## Exercise brief
Please restate each line of the material word for word and omit any pictures.

## Given information
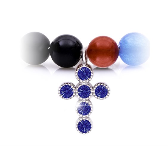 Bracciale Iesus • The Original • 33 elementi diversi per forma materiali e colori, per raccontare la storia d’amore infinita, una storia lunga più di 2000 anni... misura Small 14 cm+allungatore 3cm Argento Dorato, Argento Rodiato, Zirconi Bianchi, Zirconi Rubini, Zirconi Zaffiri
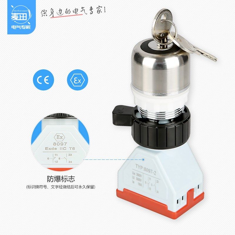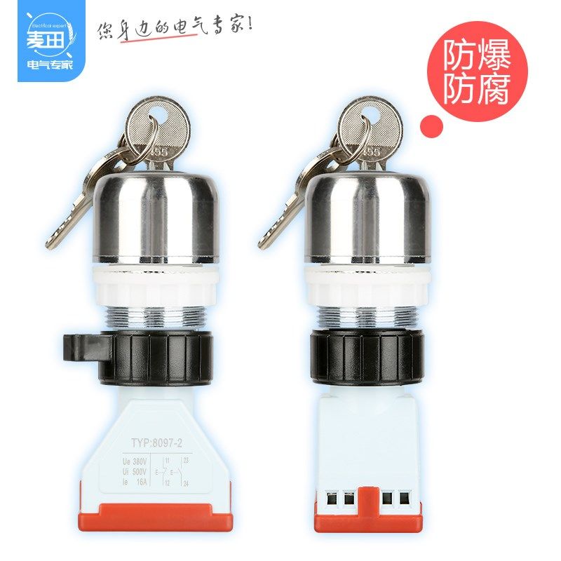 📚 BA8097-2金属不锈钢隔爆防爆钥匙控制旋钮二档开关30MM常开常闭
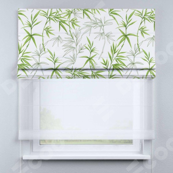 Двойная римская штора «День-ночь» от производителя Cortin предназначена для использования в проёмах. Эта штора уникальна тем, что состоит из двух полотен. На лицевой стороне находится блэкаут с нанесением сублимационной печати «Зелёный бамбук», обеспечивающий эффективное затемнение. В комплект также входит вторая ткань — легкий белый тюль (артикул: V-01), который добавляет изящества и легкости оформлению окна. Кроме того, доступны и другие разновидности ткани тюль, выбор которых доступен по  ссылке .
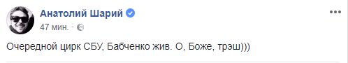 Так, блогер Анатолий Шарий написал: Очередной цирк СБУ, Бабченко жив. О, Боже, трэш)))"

## Answer area
 Bracciale Iesus • The Original • 33 elementi diversi per forma materiali e colori, per raccontare la storia d’amore infinita, una storia lunga più di 2000 anni... misura Small 14 cm+allungatore 3cm Argento Dorato, Argento Rodiato, Zirconi Bianchi, Zirconi Rubini, Zirconi Zaffiri
 📚 BA8097-2金属不锈钢隔爆防爆钥匙控制旋钮二档开关30MM常开常闭
 Двойная римская штора «День-ночь» от производителя Cortin предназначена для использования в проёмах. Эта штора уникальна тем, что состоит из двух полотен. На лицевой стороне находится блэкаут с нанесением сублимационной печати «Зелёный бамбук», обеспечивающий эффективное затемнение. В комплект также входит вторая ткань — легкий белый тюль (артикул: V-01), который добавляет изящества и легкости оформлению окна. Кроме того, доступны и другие разновидности ткани тюль, выбор которых доступен по  ссылке .
 Так, блогер Анатолий Шарий написал: Очередной цирк СБУ, Бабченко жив. О, Боже, трэш)))"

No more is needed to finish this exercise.